Table 3 Odds ratios of total and individual CVD risk by FT3, FT4 or FT3/FT4 levels among participants in NHANES III (2007-2012).
There are five common subtypes of CVD, including CHF, CHD, angina pectoris, MI, and stroke. After adjusting for all the covariates in logistic regression, we found that FT4 level was positively associated with the risk of CHF, CHD, and stroke, and the corresponding ORs and 95% CIs of each SD increment in FT4 were 1.22 (1.08-1.37), 1.20 (1.06-1.37), and 1.20 (1.08-1.33), respectively. In contrast, FT3 level was negatively associated with the risk of CHF, CHD, and angina pectoris, the corresponding ORs and 95% CIs of each SD increment in FT3 were 0.57 (0.43-0.77), 0.69 (0.54-0.89), and 0.73 (0.54-0.99); the FT3/FT4 ratio was negatively associated with the risk of CHF, CHD, MI, and stroke, the corresponding ORs and 95% CIs of each SD increment in the FT3/FT4 ratio were 0.63 (0.51-0.77), 0.68 (0.57-0.82), 0.83 (0.71-0.98), and 0.83 (0.70-0.99), respectively.
These findings seem to indicate that the correlation between the FT3/FT4 ratio and CVD is stronger than that of FT3 or FT4 only.
FT3/FT4 ratio and stratified analyses
Stratified analysis of the FT3/FT4 ratio and the risks of mortality and total CVD is shown in Figure 3 and Supplementary Figure 2. The stratified results were generally consistent with the overall result. A higher FT3/FT4 ratio was associated with a lower risk of all-cause mortality, cardiovascular mortality, and CVD risk across subgroups. There was no significant interaction between the FT3/FT4 ratio and sex, age, hypertension, or hyperlipidemia, but there was a significant interaction between the FT3/FT4 ratio and diabetes, eGFR, and BMI. The impact of the FT3/FT4 ratio on all-cause and cardiovascular mortality was stronger in the nondiabetic, renal impairment and BMI < 25 kg/m2 subgroups. Similarly, the link between the FT3/FT4 ratio and cardiovascular disease was stronger in the nondiabetic and renal impairment subgroups.
Figure 3 Stratified Analysis of the FT3/FT4 Ratio and Risk of All-cause Mortality and Cardiovascular Mortality. (A) Stratified Analysis of the FT3/FT4 Ratio and Risk of All-cause Mortality. (B) Stratified Analysis of the FT3/FT4 Ratio and Risk of Cardiovascular Mortality. FT3, free triiodothyronine; FT4, free thyroxine; BMI, body mass index; CVD, cardiovascular disease.
Discussion
In this nationwide survey, we found a significant link between thyroid hormone levels and death and CVD risk. High FT4 levels increased the risk of all-cause mortality, cardiovascular mortality, and CVD, while high FT3 or a high FT3/FT4 ratio reduced the risk of all-cause mortality, cardiovascular mortality, and CVD.

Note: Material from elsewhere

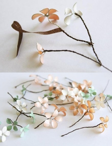 Cuốn giấy nhám xung quanh cành hoa.
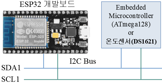 디지털 출력 온도 센서(DS1621)를 사용하는 시스템 구성과 프로그램 예는 "ESP32 I2C(Inter-Integrated Circuit) 통신"에서 설명하였으니 참고하기 바람.

Thyroid hormones mainly include T3 and T4. Thyroid hormone receptors are present in most tissues, as are thyroid hormone receptors in the heart and blood vessels. Thyroid hormones have a series of effects on the cardiovascular system. The underlying mechanisms are endothelial dysfunction, blood pressure changes, myocardial dysfunction, and dyslipidemia (1). Patients with severe hypothyroidism or hyperthyroidism are known to have an accelerated onset of CVD (1). Recent studies have linked changes in thyroid hormones within the reference range with adverse clinical outcomes in the general population. Cappola AR et al. enrolled 2,843 elderly community residents in the U.S. and followed them up for 18 years. They found that higher FT4 within the reference range was linked to an increased risk of all-cause mortality (24). Neves et al. included 7,116 adult subjects in the NHANES database and reported that lower serum FT3 within the normal thyroid function range was associated with an increased risk of cardiovascular death (28). Our findings support this notion, as we shown that, after adjusting for all variables, higher FT4 levels increased the risk of all-cause and cardiovascular mortality, higher FT3 levels decreased the risk of all-cause mortality, and FT3 had a trend toward being associated with lower cardiovascular mortality, but this was not statistically significant. In contrast with our study, Groothof D et al. included 6,054 community subjects and showed that higher FT3, not lower FT3, raised the risk of all-cause death in women (29). Ceresini G et al. included 815 community residents aged ≥ 65 who were followed up for 9 years and showed that neither FT3 nor FT4 was correlated with all-cause mortality (30). The contradictory findings might be because FT3 or FT4 alone does not represent global alterations in thyroid hormone metabolism (18).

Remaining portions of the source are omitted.